PROVIDED MATERIAL
● ● ● ● ●

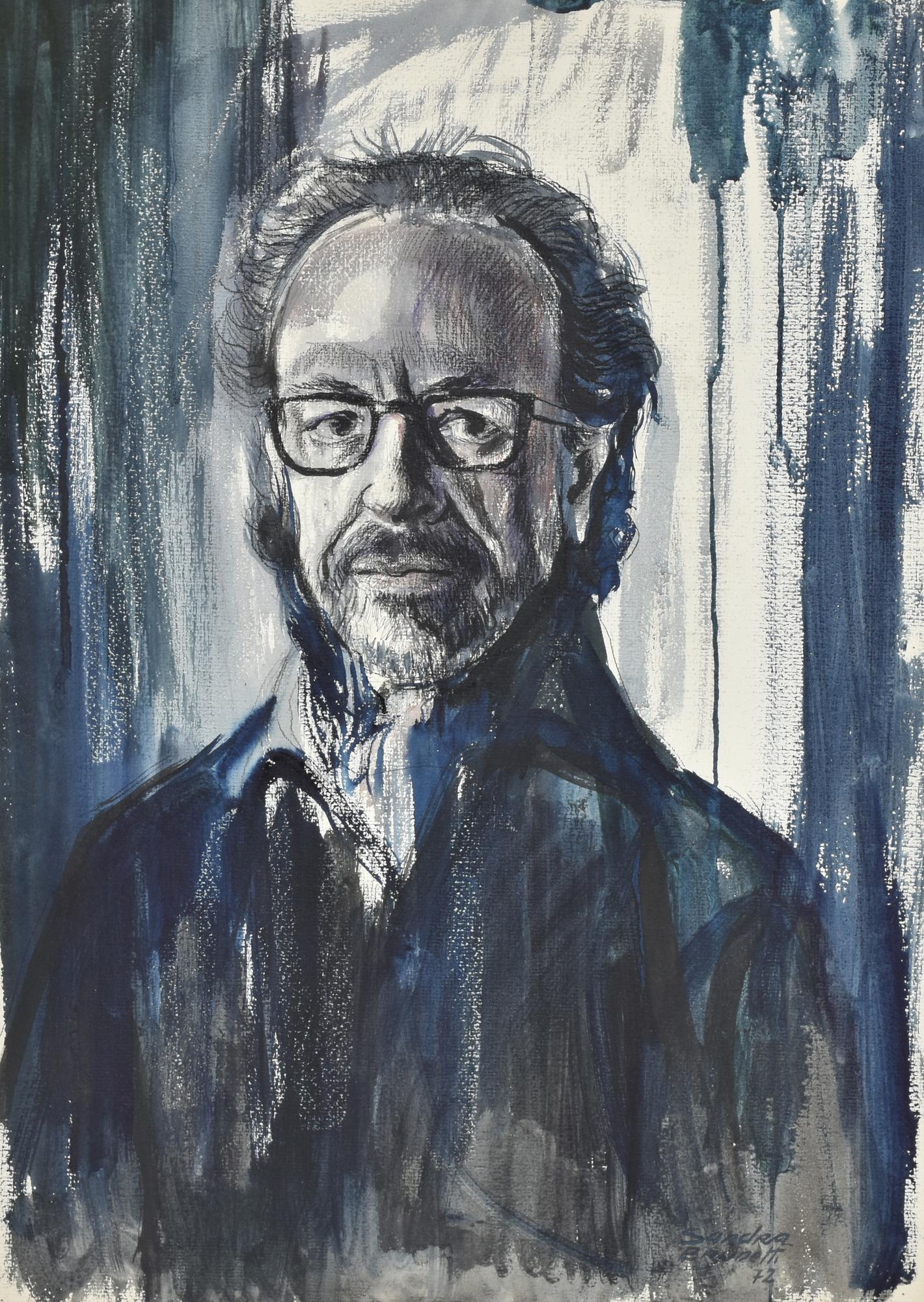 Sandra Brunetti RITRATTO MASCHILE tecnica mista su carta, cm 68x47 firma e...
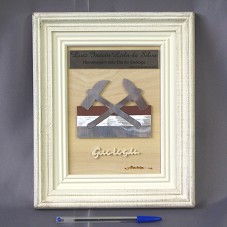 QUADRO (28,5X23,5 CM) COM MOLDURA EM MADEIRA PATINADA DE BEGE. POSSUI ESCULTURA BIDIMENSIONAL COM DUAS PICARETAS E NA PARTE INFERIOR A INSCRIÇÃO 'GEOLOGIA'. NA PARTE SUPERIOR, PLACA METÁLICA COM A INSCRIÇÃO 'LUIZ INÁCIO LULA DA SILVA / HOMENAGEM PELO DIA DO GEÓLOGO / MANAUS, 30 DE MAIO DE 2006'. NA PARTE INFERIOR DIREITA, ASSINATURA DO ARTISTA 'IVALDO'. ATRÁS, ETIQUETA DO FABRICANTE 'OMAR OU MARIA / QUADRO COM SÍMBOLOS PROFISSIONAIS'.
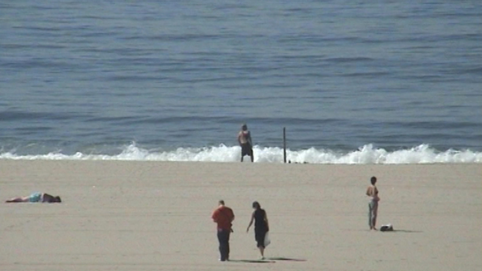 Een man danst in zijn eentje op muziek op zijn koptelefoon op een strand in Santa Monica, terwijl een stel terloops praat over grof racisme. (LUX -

● ● ● ● ●

WORK TASK
Should there be pictures in the data, leave them out and return the rest exactly.

SOLUTION FOR THIS EXERCISE
 Sandra Brunetti RITRATTO MASCHILE tecnica mista su carta, cm 68x47 firma e...
 QUADRO (28,5X23,5 CM) COM MOLDURA EM MADEIRA PATINADA DE BEGE. POSSUI ESCULTURA BIDIMENSIONAL COM DUAS PICARETAS E NA PARTE INFERIOR A INSCRIÇÃO 'GEOLOGIA'. NA PARTE SUPERIOR, PLACA METÁLICA COM A INSCRIÇÃO 'LUIZ INÁCIO LULA DA SILVA / HOMENAGEM PELO DIA DO GEÓLOGO / MANAUS, 30 DE MAIO DE 2006'. NA PARTE INFERIOR DIREITA, ASSINATURA DO ARTISTA 'IVALDO'. ATRÁS, ETIQUETA DO FABRICANTE 'OMAR OU MARIA / QUADRO COM SÍMBOLOS PROFISSIONAIS'.
 Een man danst in zijn eentje op muziek op zijn koptelefoon op een strand in Santa Monica, terwijl een stel terloops praat over grof racisme. (LUX -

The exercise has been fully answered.